:: What is expected ::
Begin at the top of the entries below and write out every line through the one containing "Bill Cunningham, executive", excluding pictures.

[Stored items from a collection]
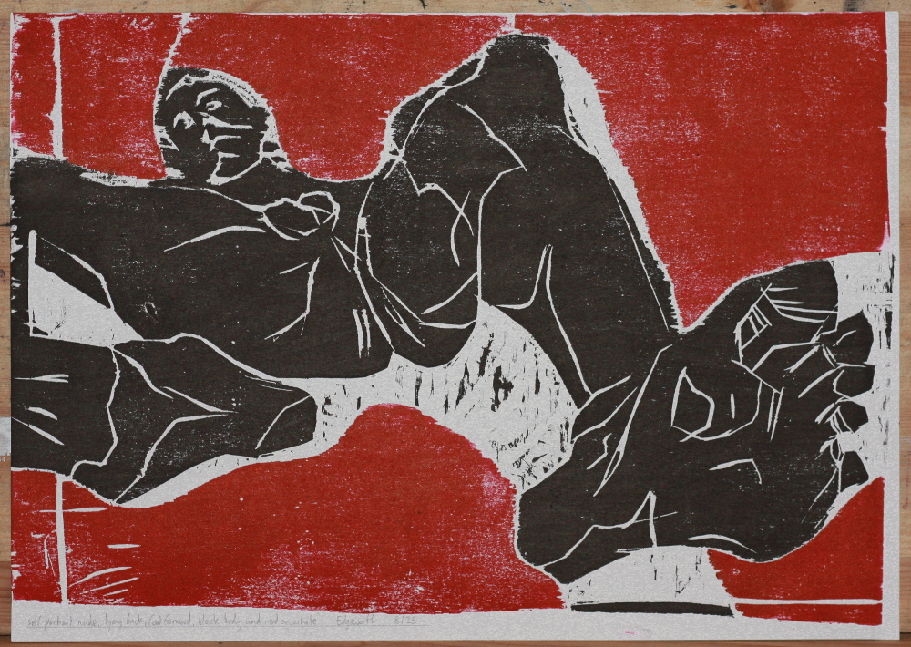 8/25 Self-portrait nude, lying back, foot forward, black body and red on white.
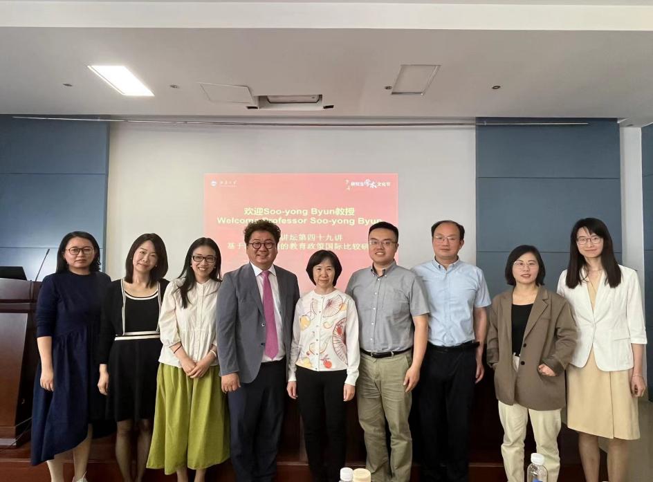 2024年5月17日上午,由Beat365正版唯一官网必一研究生院主办、Beat365正版唯一官网必一承办的江南讲坛第四十九讲在田家炳楼209报告厅顺利举行,讲座邀请到宾夕法尼亚大学教育理论与政策、人口学与亚洲研究的联席教授,梨花女子大学教育学系客座教授Soo-yong Byun,他的报告题目为“基于跨国数据的教育政策国际比较研究”。本场讲座由Beat365正版唯一官网必一院长助理屈廖健主持,Beat365正版唯一官网必一党委书记姚剑英、教育系党支部书记王文礼及Beat365正版唯一官网必一、外国语学院相关研究领域的教师及研究生参加了讲座。
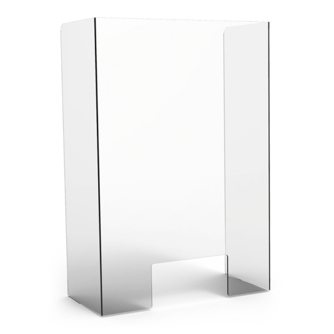 en plastique PETG, cet écran de protection est spécialement conçu pour localiser les magasins dans lesquels le public devrait être servi à une distance considérablement réduite, comme dans la ligne des boîtes d’un supermarché, d’une pharmacie, d’une banque , d’un tabac, etc.
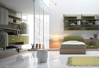 Headsets for children from the Italian manufacturer Battistella. Set includes single bed, bedside tables, modular storage and wardrobe. The furniture is made of chipboard. The front laminate. The surface is treated with varnish from the range of the campaign. Set a contemporary style. Colors: natural wood color, green.
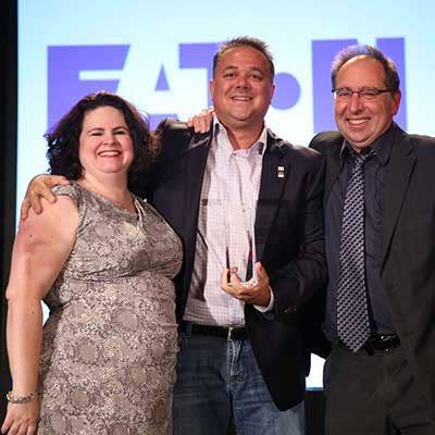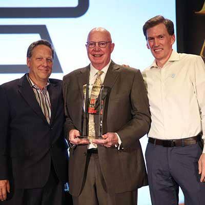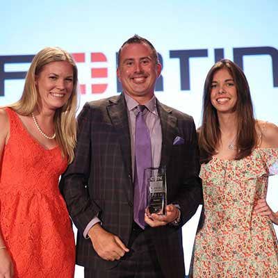 Bill Cunningham, executive VP of North America Sales & Marketing, hit the stage to accept his company's award from Steve Burke and Jennifer Follett.
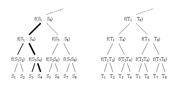 So to find the changed nodes, we start by comparing the roots of the two trees. Since they are different, we check all their children. In the example above S4 has been changed and is now different from T4. The left child of the top node in the tree above is different, so we check its children etc. We have shown two types of bold edges in the figure. The lighter bold edges indicate nodes that were checked. The heavy bold edges show nodes that were checked and found to be different. Eventually, we arrive at all the changed leaves. The time to find k changed nodes is O(k log n).
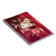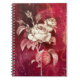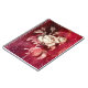 A delicate monochrome bouquet of roses is set against a vibrant red background, creating a striking contrast. The composition is accented with speckled textures, adding depth to the floral imagery.
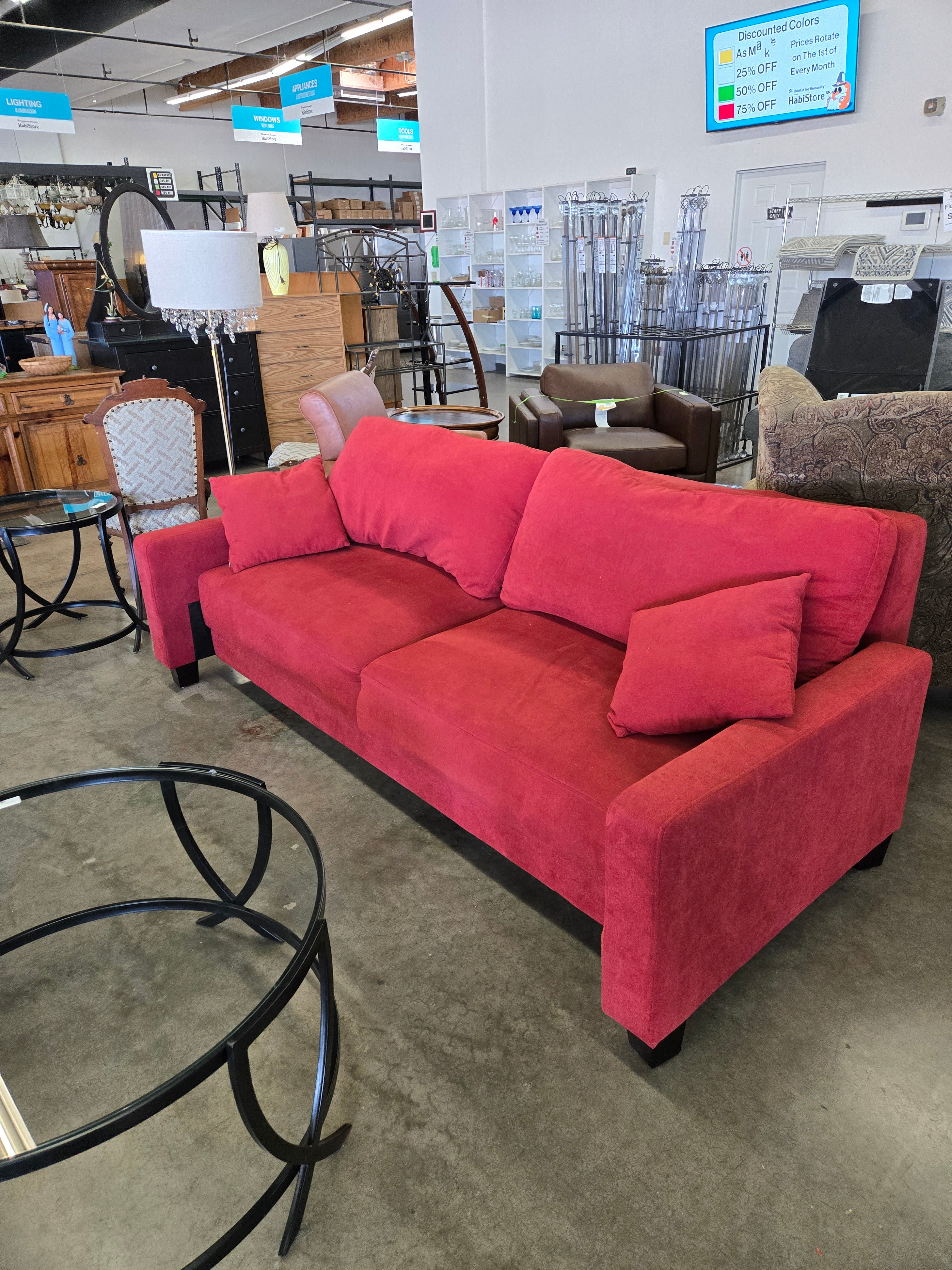 This vibrant red sofa features a plush fabric upholstery with a smooth finish. The couch includes spacious seating and plush cushion support, perfect for adding a pop of color to your living room decor. Approximate Size: 3 x 7 x 3
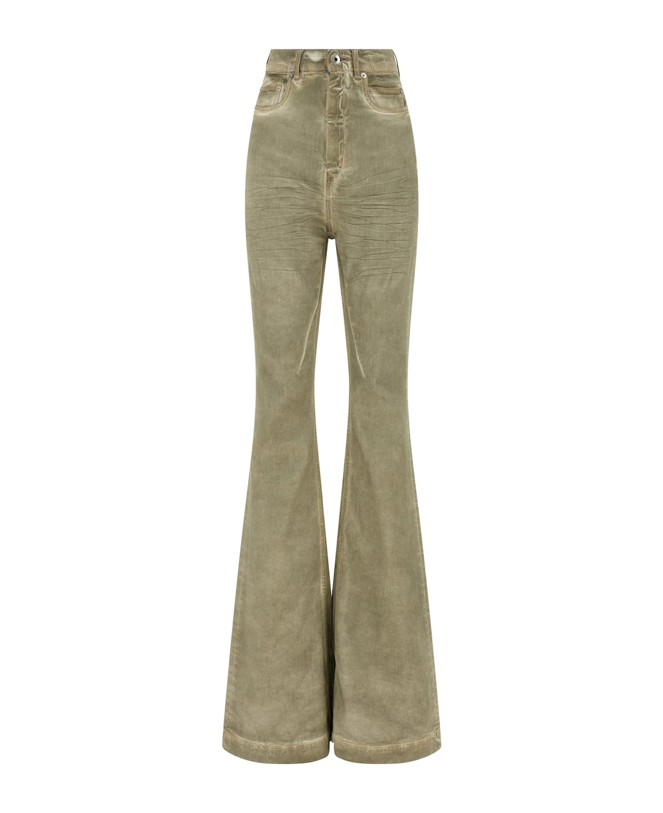 High-waisted stretch cotton denim Bolan Bootcut jeans with flared leg, five pockets, zip and front button closure. Since the foil, at the end of processing, is pressed over the garment to create a waxy touch, each piece will have a unique appearance and folds, as the foil will stick in different points depending on the garment.
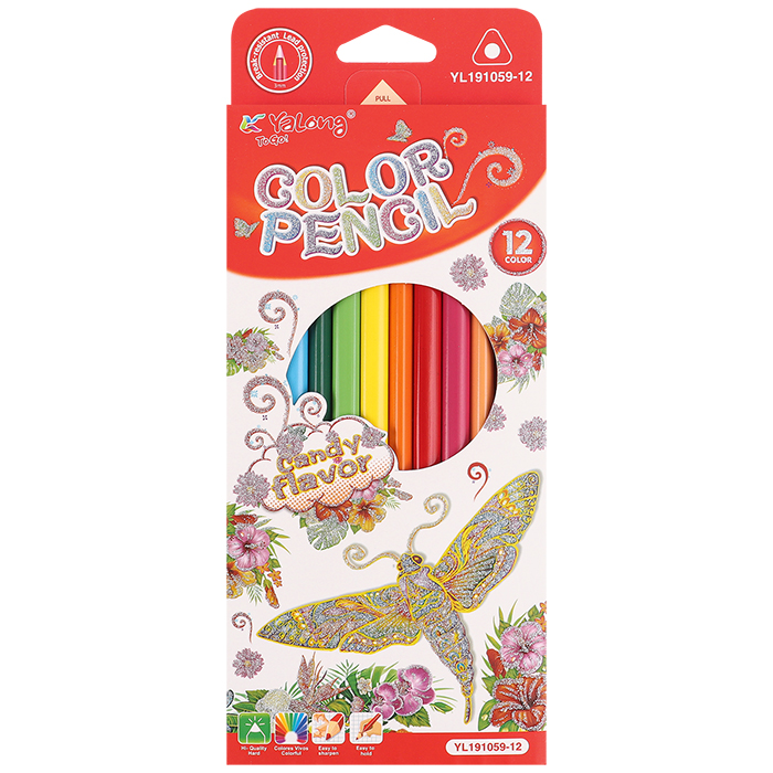 Предназначены для рисования на бумаге и картоне. Количество цветов : 12. Трёхгранный корпус из пластика. Упаковка 12шт: плёнка.8,5*36*5см
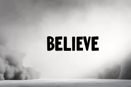 Believe Inspirational Word Art in Minimalistic Black and White Design.

:: Solution to this exercise ::
 8/25 Self-portrait nude, lying back, foot forward, black body and red on white.
 2024年5月17日上午,由Beat365正版唯一官网必一研究生院主办、Beat365正版唯一官网必一承办的江南讲坛第四十九讲在田家炳楼209报告厅顺利举行,讲座邀请到宾夕法尼亚大学教育理论与政策、人口学与亚洲研究的联席教授,梨花女子大学教育学系客座教授Soo-yong Byun,他的报告题目为“基于跨国数据的教育政策国际比较研究”。本场讲座由Beat365正版唯一官网必一院长助理屈廖健主持,Beat365正版唯一官网必一党委书记姚剑英、教育系党支部书记王文礼及Beat365正版唯一官网必一、外国语学院相关研究领域的教师及研究生参加了讲座。
 en plastique PETG, cet écran de protection est spécialement conçu pour localiser les magasins dans lesquels le public devrait être servi à une distance considérablement réduite, comme dans la ligne des boîtes d’un supermarché, d’une pharmacie, d’une banque , d’un tabac, etc.
 Headsets for children from the Italian manufacturer Battistella. Set includes single bed, bedside tables, modular storage and wardrobe. The furniture is made of chipboard. The front laminate. The surface is treated with varnish from the range of the campaign. Set a contemporary style. Colors: natural wood color, green.
 Bill Cunningham, executive VP of North America Sales & Marketing, hit the stage to accept his company's award from Steve Burke and Jennifer Follett.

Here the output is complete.